Келли выпрямляется, тянется, чувствуя, как болят мышцы, будто палками били и радуется, что не били. Садится за стол, подтягивает ноги под себя, так, как это делала Каттери, и вдруг понимает, что должна её защитить. Она вдруг очень ясно видит, как ей смыть свой позор. Она подтаскивает к себе деревянную миску, морщится от запаха варёной капусты и смотрит на потрескавшийся край посуды.

А вот авар ест исключительно из фарфоровых тарелок, все столовые приборы серебряные, а бокалы должны скрипеть от чистоты. Джосинайя только и делает, что трёт их полотенцем.

— Чего морду кривишь? — раздаётся над ухом голос тётушки. — Думала, мясо тебе достанется? Дома будешь мясо есть! Не заслужила! Ешь, а то и этого больше не дам! Дурья твоя башка!

Не заслужила, думает Келли.

Мясо, это понятно, отец всегда говорит, что надо жить скромно, что чревоугодие — грех. А чем интересно в этом доме можно заслужить нормальную тарелку?

Дому Аринэ всегда приходилось туго в Деренте. Полукровки, они выгрызали себе права клыками. Келли выросла с ощущением, что все в этом мире надо заслужить. Даже ее учеба в Академии была просто еще одним испытанием. Аринэ должны доказать, что достойны, говорил отец. Достойны чего, думает Келли? Жить среди людей? Эта мысль тяжело ей даётся, она трясёт головой, будто опять вода в уши попала, морщится, берет ложку и ест. Возможно, это ее последний ужин, но внутри вдруг становится спокойно. Она уверена, что в этот раз все сделает правильно. Отец будет гордиться.

А все из-за того, что когда-то Мариус де Рент, пятый Император Дерентии, привёз из Адара наложницу — маори Эриен. Краснокожую, как демоны в пустыне, зеленоглазую ведьму, способную изменять своё тело.
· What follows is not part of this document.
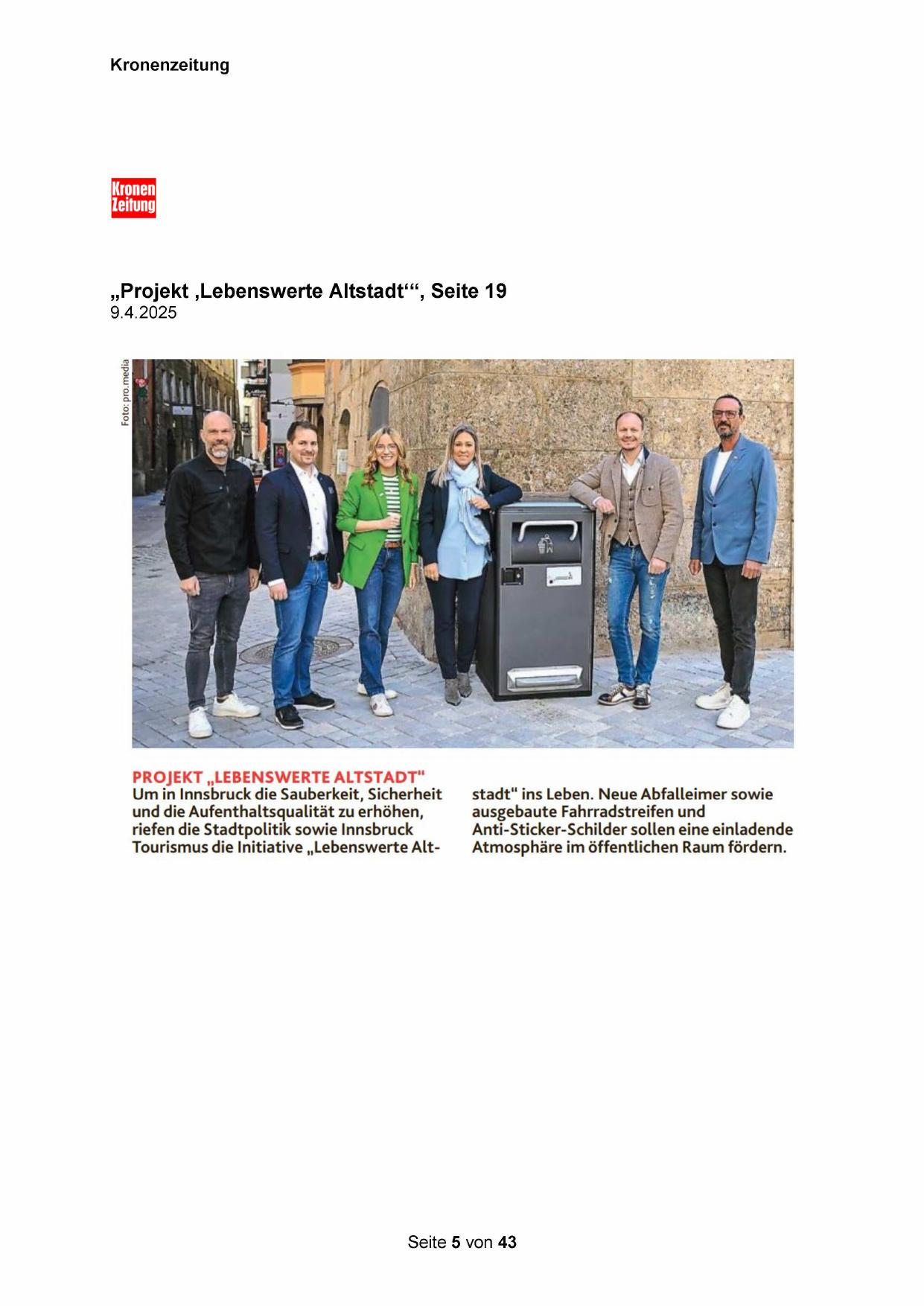 Um in Innsbruck die Sauberkeit, Sicherheit _ stadt“ ins Leben. Neue Abfalleimer sowie

Само воплощение неведомого, она делила ложе с человеком и родила ему сына. Времена те, по праву можно называть благоденствием, золотой эпохой. Империя была огромна и могущественная, а главное едина, но единство это рухнуло в один миг, стоило только Мариусу объявить своего выродка наследником трона. Наследные Дома не стали ждать его естественной смерти. Императора отравили, а его неведомая наложница и маленький сын вынуждены были бежать и скрываться. Но бежать из Дерентии им было некуда, варды никогда не простили бы предательства кровосмешения и пришлось уживаться с людьми. С тех пор потомки Мариуса де Рента и маори Эриен, носят фамилию Аринэ, как символ отречения от своих корней и от власти.
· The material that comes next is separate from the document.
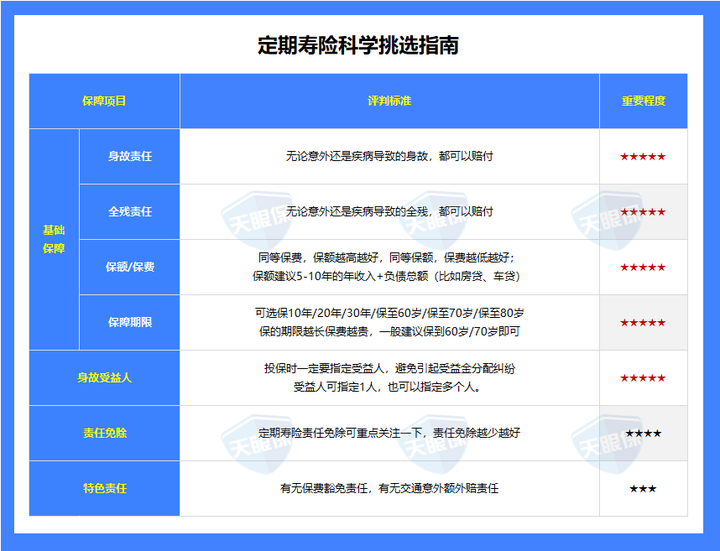下面这张图,是我为大家精心整理出来的定期寿险挑选指南:

Каттери уже знает, как все случится. Слышит время, которого нет, и ветер, который воет в трубах. Она знает, чтобы родиться в этом мире, сначала надо умереть.
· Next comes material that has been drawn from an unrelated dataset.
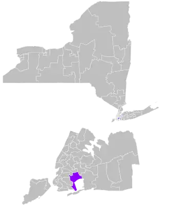 The district overlaps with New York's 7th, 8th, 9th, and 11th congressional districts, and with the 41st, 42nd, 45th, 54th, 55th, 58th, 59th, and 60th districts of the New York State Assembly.[6]

Келли не взяла с собой ни сцера, ни лампы, она двигается уверенно и тихо, она знает этот Дом, как свою ладонь, знает каждую щель, каждую половицу и ступает аккуратно, чтобы не скрипели. Она выбрала северную лестницу, подальше от кабинета авара, где все ещё горел свет. Она не могла ждать, но не знала почему, она чуяла, что надо действовать, что времени почти не осталась. Вместе с туманом с воды надвигались киатту и хотя Келли мало что смыслила в науке синоптиков, но опасность она умела распознать. По спине бежали мурашки, волосы вставали дыбом, что-то зудело, навязчиво, как мошкара, из-за чего она постоянно трясла головой и стискивала зубы. Напряжение росло, тело сжималось, как пружина, ее постоянно мучила жажда. Келли вряд ли смогла бы понять, что с ней происходит, увидеть тоненькие нити паутины, в которую угодил её разум. Чужие мысли, как вода просачивались в её сознание, но она принимала их за свои.

Разве не её обязанностью было защитить Каттери? Разве это не она виновата, что так случилось? Теперь она должна все исправить. Освободить Кату из плена оболочки, спасти ее душу, смыть свой позор. В этом ее высокая миссия.

Миссия, думает Каттери, да она и слово то такого не выговорит. Келли суеверна и примитивна, но мысли о великих свершениях и подвигах не входят в список дарованного ей Творцом. В ней нет ни капли тщеславия. Но одного Каттери не учла: то самое отречение, что заставляет семью Аринэ много сотен лет терпеть угнетение и доказывать свою преданность людям. А еще чувство вины.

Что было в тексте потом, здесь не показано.